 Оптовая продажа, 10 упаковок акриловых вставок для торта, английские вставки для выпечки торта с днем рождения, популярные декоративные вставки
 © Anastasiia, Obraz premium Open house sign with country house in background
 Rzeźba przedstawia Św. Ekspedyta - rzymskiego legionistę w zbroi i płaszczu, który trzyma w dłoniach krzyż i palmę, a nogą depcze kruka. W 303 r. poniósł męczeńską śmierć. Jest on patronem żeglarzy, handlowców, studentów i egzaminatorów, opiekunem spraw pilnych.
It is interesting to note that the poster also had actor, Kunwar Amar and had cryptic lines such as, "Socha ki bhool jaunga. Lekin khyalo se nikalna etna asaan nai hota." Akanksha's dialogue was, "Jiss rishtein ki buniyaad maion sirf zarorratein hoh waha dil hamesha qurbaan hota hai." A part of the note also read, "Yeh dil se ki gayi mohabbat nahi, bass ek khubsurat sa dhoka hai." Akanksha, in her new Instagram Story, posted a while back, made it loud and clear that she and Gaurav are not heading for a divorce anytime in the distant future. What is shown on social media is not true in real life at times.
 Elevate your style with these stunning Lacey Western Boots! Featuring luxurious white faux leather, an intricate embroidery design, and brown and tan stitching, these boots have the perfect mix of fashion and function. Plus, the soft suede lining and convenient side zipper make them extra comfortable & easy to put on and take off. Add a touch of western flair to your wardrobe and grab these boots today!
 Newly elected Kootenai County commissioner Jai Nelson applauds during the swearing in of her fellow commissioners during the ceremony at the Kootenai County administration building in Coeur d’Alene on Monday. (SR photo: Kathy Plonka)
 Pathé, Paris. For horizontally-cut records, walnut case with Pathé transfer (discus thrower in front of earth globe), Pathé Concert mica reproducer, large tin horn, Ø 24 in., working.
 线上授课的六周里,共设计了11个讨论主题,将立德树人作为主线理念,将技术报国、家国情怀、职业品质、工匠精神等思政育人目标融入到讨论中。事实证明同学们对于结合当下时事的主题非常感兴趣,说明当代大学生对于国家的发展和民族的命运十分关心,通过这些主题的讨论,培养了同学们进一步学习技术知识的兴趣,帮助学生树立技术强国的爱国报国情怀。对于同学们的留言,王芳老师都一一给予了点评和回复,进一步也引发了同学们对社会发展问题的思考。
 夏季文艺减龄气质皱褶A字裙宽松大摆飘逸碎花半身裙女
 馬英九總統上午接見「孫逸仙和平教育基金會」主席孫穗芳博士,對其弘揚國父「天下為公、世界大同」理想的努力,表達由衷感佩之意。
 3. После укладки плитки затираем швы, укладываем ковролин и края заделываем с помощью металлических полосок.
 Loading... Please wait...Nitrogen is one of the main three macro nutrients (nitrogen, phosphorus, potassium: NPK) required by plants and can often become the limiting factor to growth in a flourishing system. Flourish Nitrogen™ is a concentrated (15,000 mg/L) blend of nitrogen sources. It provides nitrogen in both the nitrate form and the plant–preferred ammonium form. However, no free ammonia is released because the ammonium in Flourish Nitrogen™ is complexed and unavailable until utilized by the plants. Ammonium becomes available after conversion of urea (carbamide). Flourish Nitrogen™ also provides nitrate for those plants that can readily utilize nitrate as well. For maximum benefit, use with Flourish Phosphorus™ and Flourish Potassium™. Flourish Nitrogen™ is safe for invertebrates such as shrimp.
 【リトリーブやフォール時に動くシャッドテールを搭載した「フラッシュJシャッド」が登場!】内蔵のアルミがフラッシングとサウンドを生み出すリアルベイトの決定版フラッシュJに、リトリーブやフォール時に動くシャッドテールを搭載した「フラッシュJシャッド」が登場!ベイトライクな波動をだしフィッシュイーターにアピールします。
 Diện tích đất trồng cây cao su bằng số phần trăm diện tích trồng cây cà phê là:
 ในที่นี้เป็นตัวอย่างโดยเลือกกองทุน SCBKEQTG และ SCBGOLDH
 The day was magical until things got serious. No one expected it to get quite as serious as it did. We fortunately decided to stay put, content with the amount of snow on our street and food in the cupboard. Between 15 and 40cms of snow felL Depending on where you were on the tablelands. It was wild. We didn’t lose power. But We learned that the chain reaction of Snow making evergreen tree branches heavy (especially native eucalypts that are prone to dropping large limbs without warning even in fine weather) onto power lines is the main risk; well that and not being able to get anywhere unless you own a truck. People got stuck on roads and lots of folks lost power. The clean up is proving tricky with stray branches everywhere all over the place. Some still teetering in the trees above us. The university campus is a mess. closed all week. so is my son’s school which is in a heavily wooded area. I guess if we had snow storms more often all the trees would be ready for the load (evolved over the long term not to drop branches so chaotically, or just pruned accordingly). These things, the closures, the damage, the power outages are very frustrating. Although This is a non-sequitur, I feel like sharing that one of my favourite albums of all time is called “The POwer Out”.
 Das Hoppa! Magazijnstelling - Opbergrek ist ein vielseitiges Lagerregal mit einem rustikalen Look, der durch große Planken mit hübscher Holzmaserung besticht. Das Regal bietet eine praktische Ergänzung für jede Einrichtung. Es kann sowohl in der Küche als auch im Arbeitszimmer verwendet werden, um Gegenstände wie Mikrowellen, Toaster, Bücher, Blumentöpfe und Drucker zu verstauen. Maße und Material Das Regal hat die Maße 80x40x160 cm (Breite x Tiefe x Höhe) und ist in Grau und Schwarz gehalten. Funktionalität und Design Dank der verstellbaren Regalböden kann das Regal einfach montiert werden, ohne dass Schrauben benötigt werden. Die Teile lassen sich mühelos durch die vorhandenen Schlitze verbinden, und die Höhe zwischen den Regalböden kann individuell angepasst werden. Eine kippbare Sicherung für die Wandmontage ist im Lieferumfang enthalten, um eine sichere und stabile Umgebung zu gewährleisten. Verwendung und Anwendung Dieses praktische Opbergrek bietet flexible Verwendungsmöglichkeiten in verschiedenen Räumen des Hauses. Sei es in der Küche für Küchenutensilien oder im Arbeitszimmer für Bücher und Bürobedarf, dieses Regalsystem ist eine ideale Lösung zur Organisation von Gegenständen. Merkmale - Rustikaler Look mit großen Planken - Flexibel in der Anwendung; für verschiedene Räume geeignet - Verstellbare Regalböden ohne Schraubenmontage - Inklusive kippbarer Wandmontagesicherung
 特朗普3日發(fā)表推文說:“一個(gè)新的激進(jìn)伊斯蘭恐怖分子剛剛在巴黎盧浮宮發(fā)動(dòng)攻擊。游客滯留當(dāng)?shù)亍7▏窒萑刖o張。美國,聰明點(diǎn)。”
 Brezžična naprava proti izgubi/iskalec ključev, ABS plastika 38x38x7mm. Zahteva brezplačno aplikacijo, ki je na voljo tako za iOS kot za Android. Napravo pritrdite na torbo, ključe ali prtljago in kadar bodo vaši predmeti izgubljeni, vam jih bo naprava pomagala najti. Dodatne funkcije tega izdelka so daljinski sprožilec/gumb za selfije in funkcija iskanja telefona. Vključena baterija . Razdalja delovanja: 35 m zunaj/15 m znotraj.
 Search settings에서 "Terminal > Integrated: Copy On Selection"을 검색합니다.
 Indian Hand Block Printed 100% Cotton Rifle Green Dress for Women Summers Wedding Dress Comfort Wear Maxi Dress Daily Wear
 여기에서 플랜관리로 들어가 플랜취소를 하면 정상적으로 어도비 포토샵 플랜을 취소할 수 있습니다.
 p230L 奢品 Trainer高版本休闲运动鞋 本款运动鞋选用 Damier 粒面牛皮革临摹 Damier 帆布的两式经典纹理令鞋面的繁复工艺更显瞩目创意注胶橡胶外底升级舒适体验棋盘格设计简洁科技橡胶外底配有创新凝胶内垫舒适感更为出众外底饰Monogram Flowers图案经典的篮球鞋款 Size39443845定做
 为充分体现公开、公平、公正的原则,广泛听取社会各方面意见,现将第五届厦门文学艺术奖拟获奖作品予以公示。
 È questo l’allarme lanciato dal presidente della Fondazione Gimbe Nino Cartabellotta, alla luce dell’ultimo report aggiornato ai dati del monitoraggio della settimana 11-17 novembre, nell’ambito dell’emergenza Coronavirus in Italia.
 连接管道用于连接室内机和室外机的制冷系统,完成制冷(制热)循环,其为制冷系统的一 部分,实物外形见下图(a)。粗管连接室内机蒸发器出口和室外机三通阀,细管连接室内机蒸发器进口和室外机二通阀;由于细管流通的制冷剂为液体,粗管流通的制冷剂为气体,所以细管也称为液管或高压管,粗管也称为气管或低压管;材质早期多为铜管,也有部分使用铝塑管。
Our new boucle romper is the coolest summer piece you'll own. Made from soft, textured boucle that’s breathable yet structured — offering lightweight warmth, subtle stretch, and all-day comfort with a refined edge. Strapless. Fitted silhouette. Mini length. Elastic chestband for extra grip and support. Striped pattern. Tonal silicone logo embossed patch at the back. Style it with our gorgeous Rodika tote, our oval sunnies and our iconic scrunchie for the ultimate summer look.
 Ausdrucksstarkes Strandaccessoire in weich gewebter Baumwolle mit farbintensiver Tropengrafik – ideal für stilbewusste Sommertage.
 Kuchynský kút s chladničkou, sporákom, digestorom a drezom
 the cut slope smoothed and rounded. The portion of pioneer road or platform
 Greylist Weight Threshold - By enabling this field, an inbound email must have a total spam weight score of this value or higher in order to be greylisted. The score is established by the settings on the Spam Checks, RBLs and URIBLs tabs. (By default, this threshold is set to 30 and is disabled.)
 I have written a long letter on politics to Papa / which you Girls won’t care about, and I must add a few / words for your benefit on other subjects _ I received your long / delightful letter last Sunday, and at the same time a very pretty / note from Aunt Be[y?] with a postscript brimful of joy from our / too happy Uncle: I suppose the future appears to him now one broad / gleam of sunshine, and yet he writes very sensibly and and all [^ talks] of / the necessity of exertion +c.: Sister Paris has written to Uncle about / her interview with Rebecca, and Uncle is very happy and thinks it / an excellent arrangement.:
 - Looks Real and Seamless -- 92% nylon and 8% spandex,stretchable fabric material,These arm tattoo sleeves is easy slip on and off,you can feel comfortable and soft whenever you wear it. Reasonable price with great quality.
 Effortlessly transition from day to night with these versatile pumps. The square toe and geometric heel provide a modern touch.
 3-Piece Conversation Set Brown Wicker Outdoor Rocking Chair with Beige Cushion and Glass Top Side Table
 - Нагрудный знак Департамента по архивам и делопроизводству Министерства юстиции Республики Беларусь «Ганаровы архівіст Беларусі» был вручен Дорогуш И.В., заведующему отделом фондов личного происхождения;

◇ ◇ ◇ ◇ ◇ ◇ ◇

Directions for this task: Which lines above run from the one containing "Greylist Weight Threshold" down to the one containing "I have written"? Repeat exactly those, both ends included, and nothing else.

Exercise solution:
 Greylist Weight Threshold - By enabling this field, an inbound email must have a total spam weight score of this value or higher in order to be greylisted. The score is established by the settings on the Spam Checks, RBLs and URIBLs tabs. (By default, this threshold is set to 30 and is disabled.)
 I have written a long letter on politics to Papa / which you Girls won’t care about, and I must add a few / words for your benefit on other subjects _ I received your long / delightful letter last Sunday, and at the same time a very pretty / note from Aunt Be[y?] with a postscript brimful of joy from our / too happy Uncle: I suppose the future appears to him now one broad / gleam of sunshine, and yet he writes very sensibly and and all [^ talks] of / the necessity of exertion +c.: Sister Paris has written to Uncle about / her interview with Rebecca, and Uncle is very happy and thinks it / an excellent arrangement.:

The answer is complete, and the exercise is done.